All but the last list print should be deterministic, as this is controlled by the code in self_tests() (you may add additional tests if you like). The last print will vary from run to run, and is the output of running the simulation for 30 seconds.

This test harness takes several options to control the length of time it runs, and the number of threads. To get this information, try:

porter@classroom:~/lab3$ ./sequential-lru -h
LRU Simulator.  Usage: ./lru-[variant] [options]

Options:
	-c numclients - Use numclients threads.
	-h - Print this help.
	-l length - Run clients for length seconds.


Do not use this implementation with more than one thread---it will break because it does not use any synchronization!

Thread Programming Guidelines

Before you begin the assignment, (re-)read Coding Standards for Programming with Threads. You are required to follow these standards for this project. Because it is impossible to determine the correctness of a multithreaded programming via testing, grading on this project will primarily be based on reading your code not by running tests. Your code must be clear and concise. If your code is not easy to understand, then your grade will be poor, even if the program seems to work. In the real world, unclear multi-threaded code is extremely dangerous -- even if it "works" when you write it, how will the programmer who comes after you debug it, maintain it, or add new features? Feel free to sit down with the TA or instructor during office hours for code inspections before you turn in your project.

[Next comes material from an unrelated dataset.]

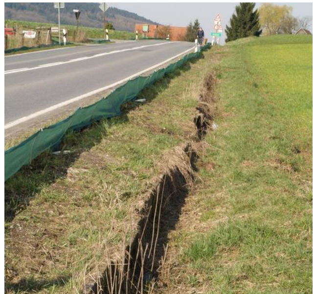
Amphibienzaun an der Haller Str., davor die alte verfallene Leiteinrichtung (Bild von 2006)
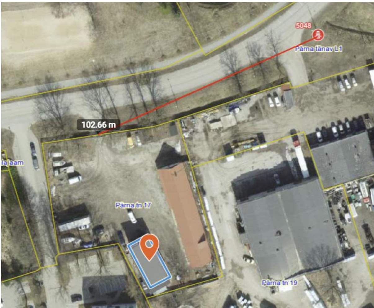
Skeem 2. Olemasoleva hüdrandi nr 5048 asukoht (alus: Maa-ameti kaardirakendus „Ohtlikud käitised, veevarustus, veeohutus“).

Programming multithreaded programs requires extra care and more discipline than programming conventional programs. The reason is that debugging multithreaded programs remains an art rather than a science, despite more than 30 years of research. Generally, avoiding errors is likely to be more effective than debugging them. Over the years a culture has developed with the following guidelines in programming with threads. Adhering to these guidelines will ease the process of producing correct programs:

  1. All threads share heap data. This requires you to use proper synchronization primitives whenever two threads modify or read the shared data. Sometimes, it is obvious how to do so:
              char a[1000]
              void Modify(int m, int n)
              {
                    a[m + n] = a[m] + a[n];                        // ignore bound checks
              }
    
    If two thread will be executing this function, there is no guarantee that both will perceive consistent values of the members of the array a. Therefore, such a statment has to be protected by a mutex that ensures the proper execution as follows:
              char a[1000]
              void Modify(int m, int n)
              {
                    Lock(p);
                    a[m + n] = a[m] + a[n];                        // ignore bound checks
                    Unlock(p);
              }
    
    where p is a synchronization variable.
  2. Beware of the hidden data structures! While your own variables on the heap must be protected, it is also necessary to ensure that data structures belonging to the libraries and runtime system also be protected. These data structures are allocated on the heap, but you do not see them. Access to library functions can create situations where two threads may corrupt the data structures because proper synchronization is lacking. For example, two threads calling the memory allocator simultaneously through the malloc() library call might create problems if the data structures of malloc() are not designed for concurrent access. In that case, data structures used to track the free space might be corrupted. The solution is to use a thread-safe version of libc.
    Linking with the -pthread flag (included in your Makefile) is sufficient for libc using gcc. Other compilers may require the -D_POSIX_PTHREAD_SEMANTICS flag to select thread-safe versions.
    Finally, not all libraries support thread-safe functions. If you include extra libraries in your code, it is up to you to figure out whether they are thread safe, or if calls must be protected by a lock.
  3. Simplicity of the code is also an important factor in ensuring correct operation. Complex pointer manipulations may lead to errors and a runaway pointer may start corrupt the stacks of various threads, and therefore manifesting its presence through a set of incomprehensible bugs. Contrived logic, and multiple recursions may cause the stacks to overflow. Modern computer languages such as Java eliminate pointers altogether, and perform the memory allocation and deallocation by automatic memory management and garbage collection techniques. They simplify the process of writing programs in general, and multithreaded programs in particular. Still, without understanding of all the pitfalls that come with programming multithreaded applications, even the most sophistica ted programmer using the most sophisticated language may fall prey to some truly strange bugs.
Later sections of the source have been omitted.